──────── SUPPLIED INFORMATION ────────
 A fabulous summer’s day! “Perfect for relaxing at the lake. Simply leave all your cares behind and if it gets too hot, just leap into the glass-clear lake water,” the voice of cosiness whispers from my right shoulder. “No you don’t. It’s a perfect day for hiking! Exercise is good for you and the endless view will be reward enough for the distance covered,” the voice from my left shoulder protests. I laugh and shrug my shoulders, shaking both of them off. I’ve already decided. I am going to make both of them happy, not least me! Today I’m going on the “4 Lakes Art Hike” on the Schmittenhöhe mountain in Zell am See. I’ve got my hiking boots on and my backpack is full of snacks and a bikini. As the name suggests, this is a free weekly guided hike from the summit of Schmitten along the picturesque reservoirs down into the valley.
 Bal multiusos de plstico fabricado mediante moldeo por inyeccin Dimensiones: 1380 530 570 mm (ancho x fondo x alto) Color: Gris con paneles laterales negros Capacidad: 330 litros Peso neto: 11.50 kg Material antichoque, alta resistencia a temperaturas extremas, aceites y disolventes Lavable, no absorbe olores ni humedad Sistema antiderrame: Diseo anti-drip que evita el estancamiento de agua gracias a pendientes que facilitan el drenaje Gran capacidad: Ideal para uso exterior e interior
────────
──────── SUPPLIED INFORMATION ────────
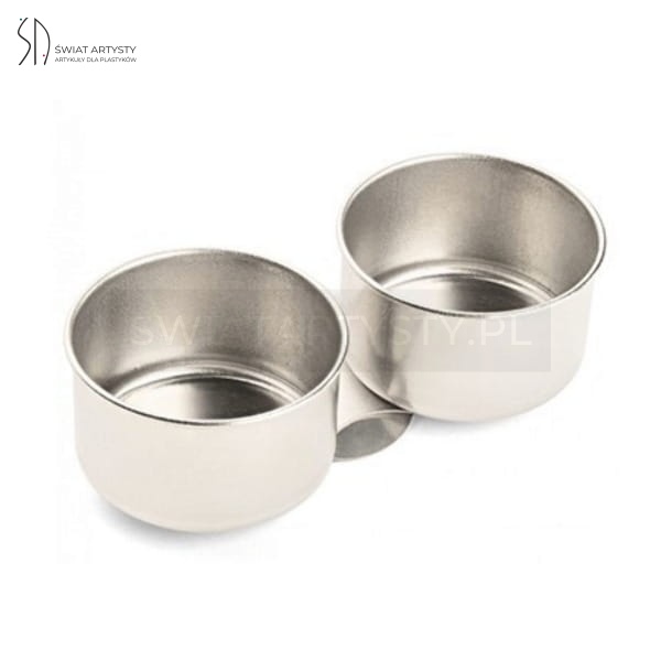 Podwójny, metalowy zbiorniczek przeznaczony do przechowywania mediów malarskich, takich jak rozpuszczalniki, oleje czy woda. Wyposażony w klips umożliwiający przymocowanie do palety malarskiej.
────────
## WHAT IS REQUIRED:
Search the listing above for the lines with "A fabulous summer’s" and "Bal multiusos de", then output those lines and all lines between them exactly.

## WRITTEN RESPONSE:
 A fabulous summer’s day! “Perfect for relaxing at the lake. Simply leave all your cares behind and if it gets too hot, just leap into the glass-clear lake water,” the voice of cosiness whispers from my right shoulder. “No you don’t. It’s a perfect day for hiking! Exercise is good for you and the endless view will be reward enough for the distance covered,” the voice from my left shoulder protests. I laugh and shrug my shoulders, shaking both of them off. I’ve already decided. I am going to make both of them happy, not least me! Today I’m going on the “4 Lakes Art Hike” on the Schmittenhöhe mountain in Zell am See. I’ve got my hiking boots on and my backpack is full of snacks and a bikini. As the name suggests, this is a free weekly guided hike from the summit of Schmitten along the picturesque reservoirs down into the valley.
 Bal multiusos de plstico fabricado mediante moldeo por inyeccin Dimensiones: 1380 530 570 mm (ancho x fondo x alto) Color: Gris con paneles laterales negros Capacidad: 330 litros Peso neto: 11.50 kg Material antichoque, alta resistencia a temperaturas extremas, aceites y disolventes Lavable, no absorbe olores ni humedad Sistema antiderrame: Diseo anti-drip que evita el estancamiento de agua gracias a pendientes que facilitan el drenaje Gran capacidad: Ideal para uso exterior e interior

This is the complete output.